╔══
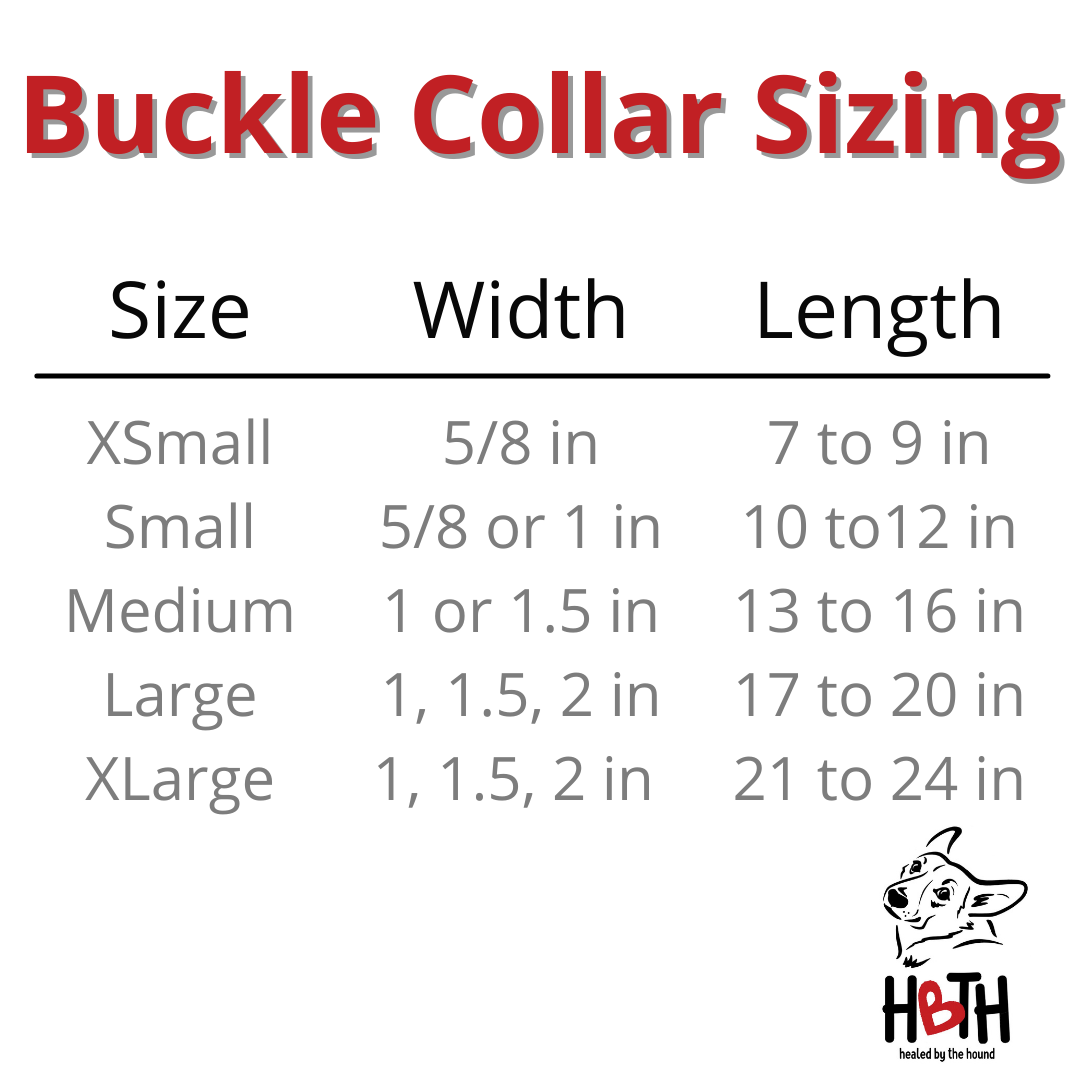 Buckle Collars come with black plastic hardware, but upgrades are available as an add on purchase.
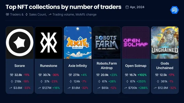 DappRadar分析了擁有最多交易的NFT收藏,遊戲相關的NFT系列表現良好,包含體育遊戲Sorare、區塊鏈遊戲始祖Axie Infinity,以及受到玩家歡迎的卡牌戰略遊戲Gods Unchained,這些遊戲中的NFT商品都吸引了不少交易者。
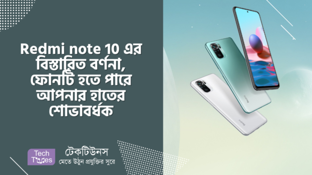 Xiaomi এর Redmi সিরিজের ফোনগুলো বাজারে কতটা আলোরন সৃষ্টি করেছে তা আপনারা নিশ্চয় জানেন। তার চেয়ে বেশি সারা ফেলেছে Redmi note সিরিজের ফোনগুলো। আমাদের দেশে সর্বশেষ যে ফোনটি এসেছে Redmi note সিরিজের তা হলো Redmi note 10। এটি চমৎকার সুন্দর একটা স্মার্টফোন। আমার কাছে তো ভালোই লেগেছে।
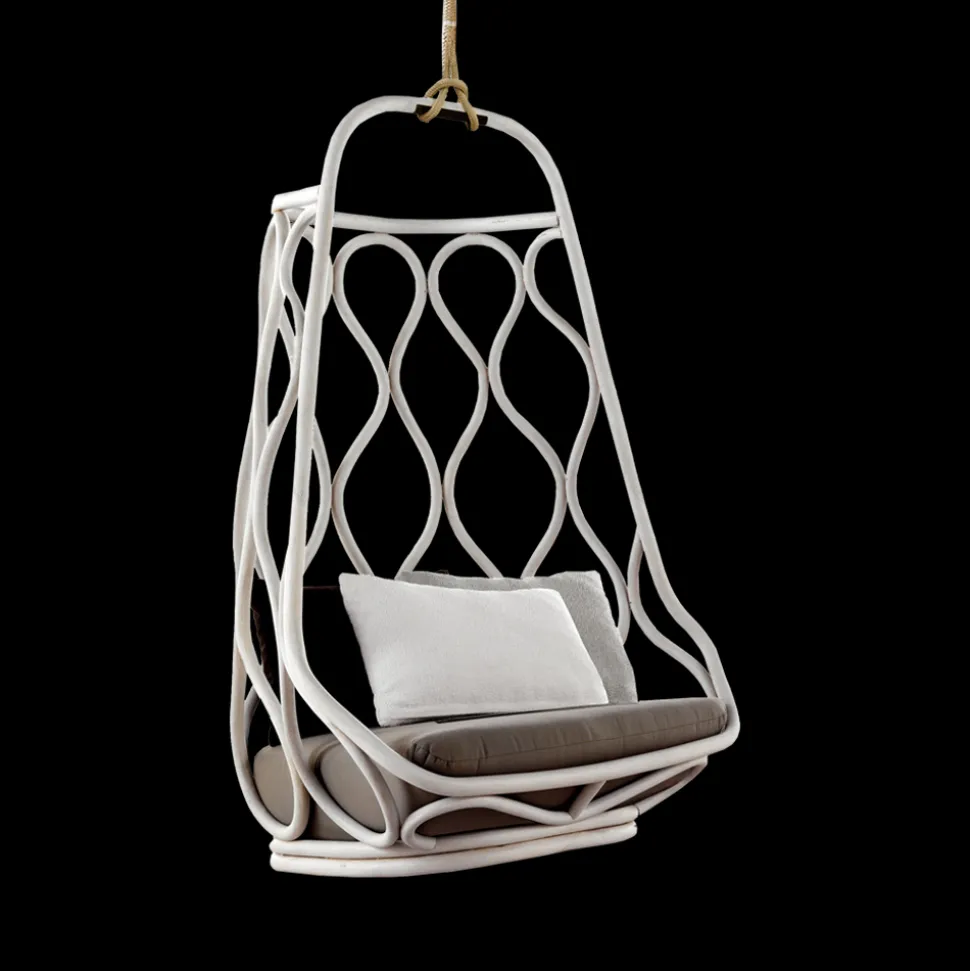 Nautica is a hanging seat that pays homage to one of the first pieces produced by Expormim in the 70?s. Our commitment to the creation of a unique design that would recover and rethink the traditional use of rattan was matched by the will of delivering something different, unexpected. Natural world is filled with contrasts we tried to evoke through a delicate and ever-changing game of shadows that brings to mind the reflections of light upon sea waves.
╚══
Send back the data above word for word, with the pictures left out.

 Buckle Collars come with black plastic hardware, but upgrades are available as an add on purchase.
 DappRadar分析了擁有最多交易的NFT收藏,遊戲相關的NFT系列表現良好,包含體育遊戲Sorare、區塊鏈遊戲始祖Axie Infinity,以及受到玩家歡迎的卡牌戰略遊戲Gods Unchained,這些遊戲中的NFT商品都吸引了不少交易者。
 Xiaomi এর Redmi সিরিজের ফোনগুলো বাজারে কতটা আলোরন সৃষ্টি করেছে তা আপনারা নিশ্চয় জানেন। তার চেয়ে বেশি সারা ফেলেছে Redmi note সিরিজের ফোনগুলো। আমাদের দেশে সর্বশেষ যে ফোনটি এসেছে Redmi note সিরিজের তা হলো Redmi note 10। এটি চমৎকার সুন্দর একটা স্মার্টফোন। আমার কাছে তো ভালোই লেগেছে।
 Nautica is a hanging seat that pays homage to one of the first pieces produced by Expormim in the 70?s. Our commitment to the creation of a unique design that would recover and rethink the traditional use of rattan was matched by the will of delivering something different, unexpected. Natural world is filled with contrasts we tried to evoke through a delicate and ever-changing game of shadows that brings to mind the reflections of light upon sea waves.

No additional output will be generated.